** Opening Study material block **
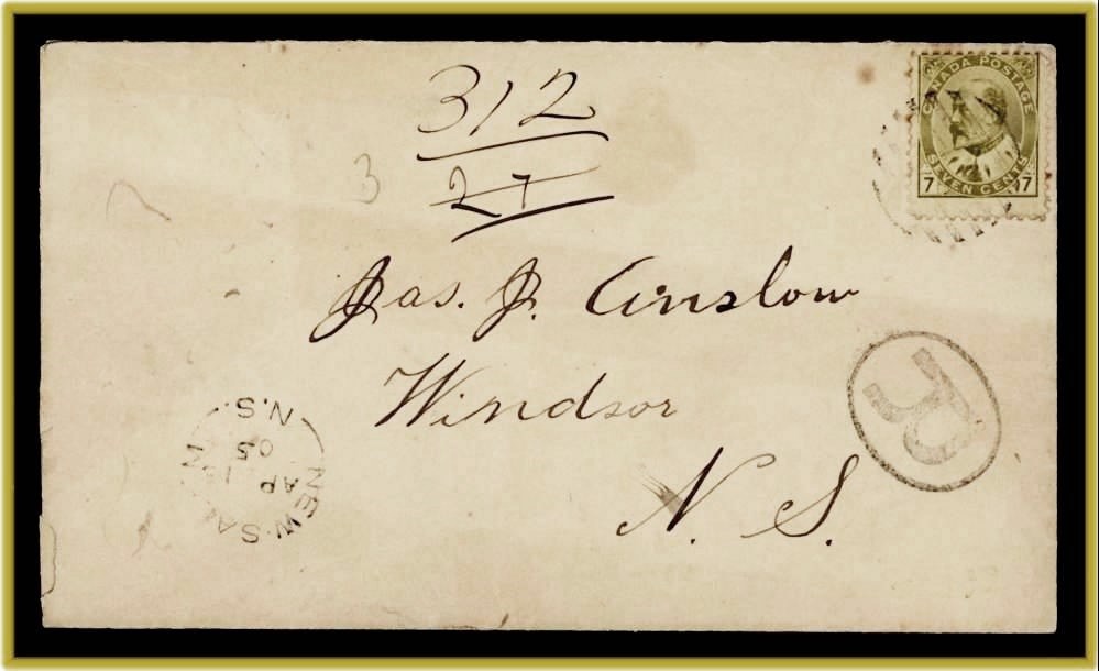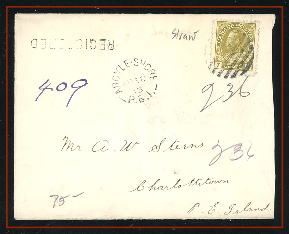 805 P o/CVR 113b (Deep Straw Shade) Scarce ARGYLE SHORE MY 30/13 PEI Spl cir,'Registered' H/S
** Closing Study material block **
** Opening Study material block **
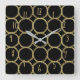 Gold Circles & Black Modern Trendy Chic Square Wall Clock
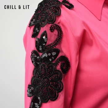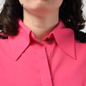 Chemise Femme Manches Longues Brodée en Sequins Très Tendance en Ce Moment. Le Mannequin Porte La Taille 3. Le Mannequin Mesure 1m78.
** Closing Study material block **
** Opening Study material block **
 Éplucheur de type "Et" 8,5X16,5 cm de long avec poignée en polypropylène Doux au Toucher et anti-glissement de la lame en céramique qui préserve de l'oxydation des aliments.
** Closing Study material block **
▶ About this task: Everything above from the line containing "Gold Circles &" through the line containing "Chemise Femme Manches" must be repeated exactly, and the pictures must be left out.

▶ Answer to the problem:
 Gold Circles & Black Modern Trendy Chic Square Wall Clock
 Chemise Femme Manches Longues Brodée en Sequins Très Tendance en Ce Moment. Le Mannequin Porte La Taille 3. Le Mannequin Mesure 1m78.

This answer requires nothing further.